Bonds: Investors look past deficit data for October, focus on ECB, Fed
These were the movements in some of the most widely followed longer-term sovereign bond yields:
US: 2.24% (-1bp)
UK: 1.87% (-1bp)
Germany: 0.48% (0bp)
France: 0.82% (+1bp)
Spain: 1.64% (-5bp)
Greece: 7.10% (+16bp)
Japan: 0.32% (+2bp)
Portugal: 2.49% (+4bp)
Gilts moved slightly lower following remarks from the president of the European Central Bank hinting at further monetary easing, possibly as soon as December.
Speaking at 25th European Banking Congress in Frankfurt, Mario Draghi said that if the monetary authority´s inflation stability mandate appeared to be threatened then the ECB, "will do what we must to raise inflation as quickly as possible".
That pressured two-year German government debt yields down to a record low of -0.39% and weighed on 10-year Bunds, which surrendered eight basis points over the week as a whole.
Yields on two-year Spanish government debt also fell into negative territory, at -0.1%.
Investors thus chose to look past data showing that UK public sector net borrowing (excluding public sector banks) in October was £8.2bn.
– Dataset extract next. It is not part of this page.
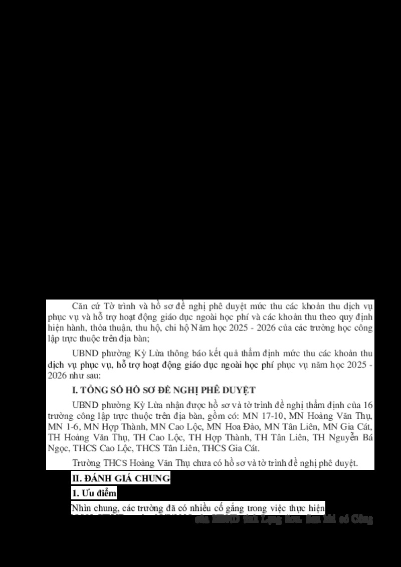 | Tiêu đề văn bản | THÔNG BÁO Kết quả thẩm định mức thu các khoản thu dịch vụ phục vụ, hỗ trợ hoạt động giáo dục ngoài học phí năm học 2025 - 2026 | ||

That was the largest October deficit since 2009 and higher than the consensus forecast for a shortfall of £6.0bn.
Stateside, the president of the St.Louis Fed, James Bullard, said on Friday that monetary policy should be more data-dependent and the central bank must be ready to be flexible, Bullard reportedly added.
"I think we are going to return to an era where there is a bit more uncertainty about what the (Fed's policy-setting) committee is going to do meeting to meeting," Bullard remarked.
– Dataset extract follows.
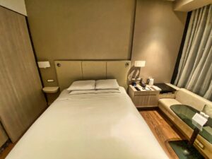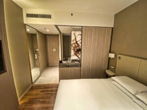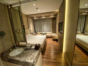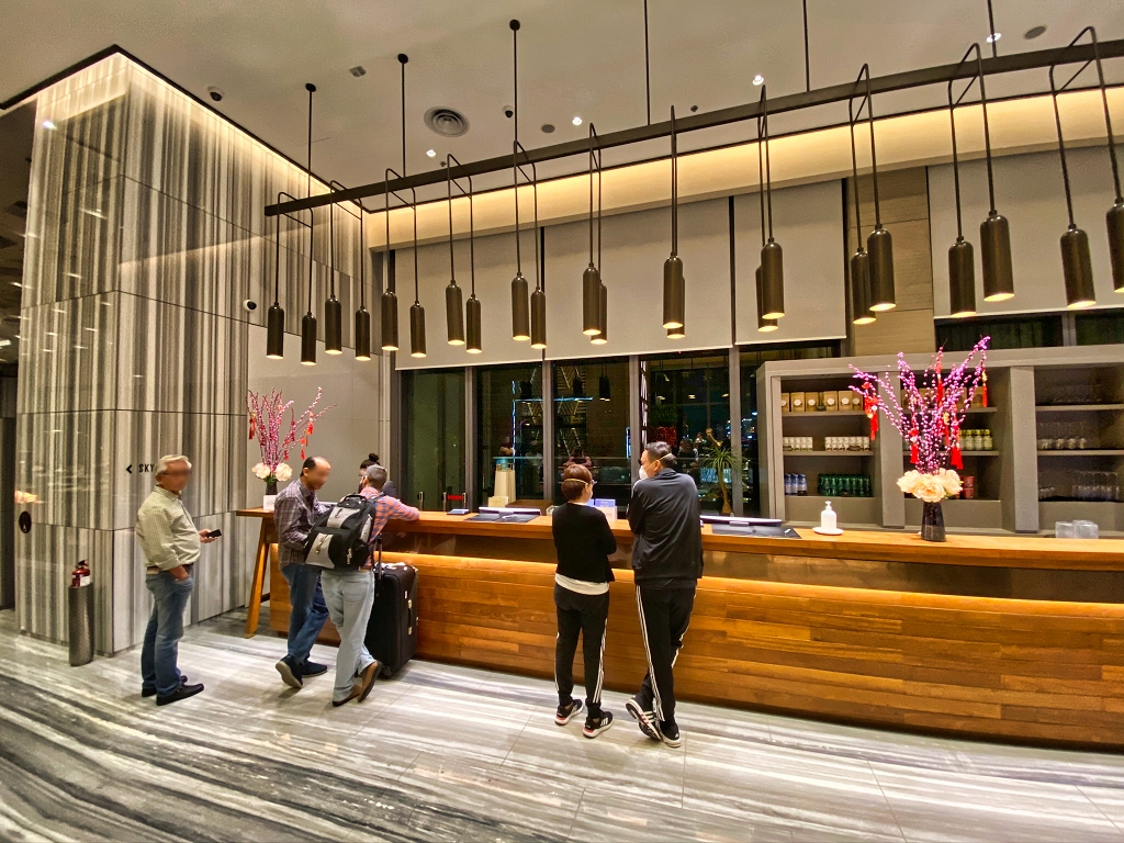 Mit dem Voucher vom Singapore Airlines Stopover Programm ging es dann an den Front Desk. Dieser befindet sich in direkter Nähe der Aufzüge, die einen in den 22. Stock bringen. Ich hatte die Buchung bereits in meinem Bonvoy Account hinterlegen lassen, so dass alle relevanten Informationen im Hotel vorlagen. Kurz den Voucher überreicht und eine Kreditkarte für die Minibar o.ä. hinterlegt und dann begann schon die Unterrichtung in Status Benefits und Hotel Amenities. Mir wurde auch angeboten, das Gepäck aufs Zimmer bringen zu lassen, was ich dann freundlich ablehnte.

The economy is headed into a 'boom' period, the rate-settered also said.
Overnight on Thursday, Fed Vice Chairman Stanley Fischer had said that Fed policymakers had done everything "we can to avoid surprising the markets and governments when we move."
Nevertheless, a final decision had not yet been taken, Fischer stated.
A decision to raise rates in December will be data-dependent, New York Fed president William Dudley said on Friday.